What marketers should be measuring in these cases are business outcomes. Mobile advertising and measurement is the connective tissue that can fuse the digital ad world to real-world business outcomes, providing large brand advertisers what they have been missing – a media vehicle that can deliver high reach, high consumer engagement and ad measurement to real-world business outcomes.

Sales data is incredibly powerful and would be the Holy Grail to optimize and measure campaign performance, but in most cases, advertisers find it difficult to link sales data to advertising media in real-time for optimization and measurement purposes. Media mix modeling (MMM) helps define business attribution by media type, but the time spent building the models makes it difficult to act upon them for any media investment course correction. This has always been an issue with marketers. The result is that for the foreseeable future, sales data for many advertisers is too disconnected from media activation for real-time optimization purposes.

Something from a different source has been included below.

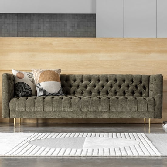 Dumai Fabric 3 Seater Sofa In Moss Green

Actually knowing, in real time, when customers are visiting their locations, ostensibly to purchase a product, should supplant any kind of media measurement that currently exists. Using physical location visit data as a means of quickly changing course with advertising buys could impact the sales and give the marketer better transparency into what’s working.

Optimizing digital ads to increase foot traffic to physical locations is a major breakthrough for the industry because what really matters to a business isn’t ad impressions or target rating points – it’s actual traffic and retail sales. This is exactly in line with advertisers’ core mission to drive foot traffic and is why physical location visits are the next big Key Performance Indicator (KPI).

Granted, we are in the early stages of tracking the entire media mix to real-world location visits. Yet, the speed of ad tech innovation is revealing how location analytics is impacting media strategy and investment decisions.

Mobile advertising and the cross media measurement to location will be game changing. After all, our mobile devices are ubiquitous. They’re always on, always connected, always accessible and always with us. Mobile is not just the first screen; it’s the screen that can measure our real-world footprints.

A new virtual reality is reshaping our ability to connect directly with consumers, as they literally set foot in the store. Marketers who are able to track, measure and optimize their media mix to location visit and establish the sources of incremental foot traffic will have a powerful strategic weapon in their arsenal.

And all’s fair in love, war, and moving merchandise.

*Michael Hayes is Chief Revenue and Marketing Officer of Pasadena’s UberMediaa cross-screen mobile advertising platform that leverages social data, location history, and intent cues to identify the heart of consumer decision-making. Hayes oversees marketing, business and brand development. Since Hayes joined UberMedia in 2013, the company has secured advertising partnerships with some of the most recognizable brands including Lexus, BMW, Chrysler-Jeep, AT&T, Nike, Adidas, Levis, Unilever, Disney, Sony, Paramount, Coca Cola, Red Bull and many more. Hayes is a pioneer in interactive marketing and advertising with more than 25 years of experience in the industry. Prior to UberMedia, Hayes was president at Initiative, one of Interpublic’s two worldwide media agencies, where he was responsible for worldwide strategy and operational oversight of the agency’s digital practice. This included overall digital strategy and activation on behalf the agency’s flagship clients including Hyundai-Kia, MillerCoors, Lionsgate, MillerCoors, and Dr. Pepper Snapple Group.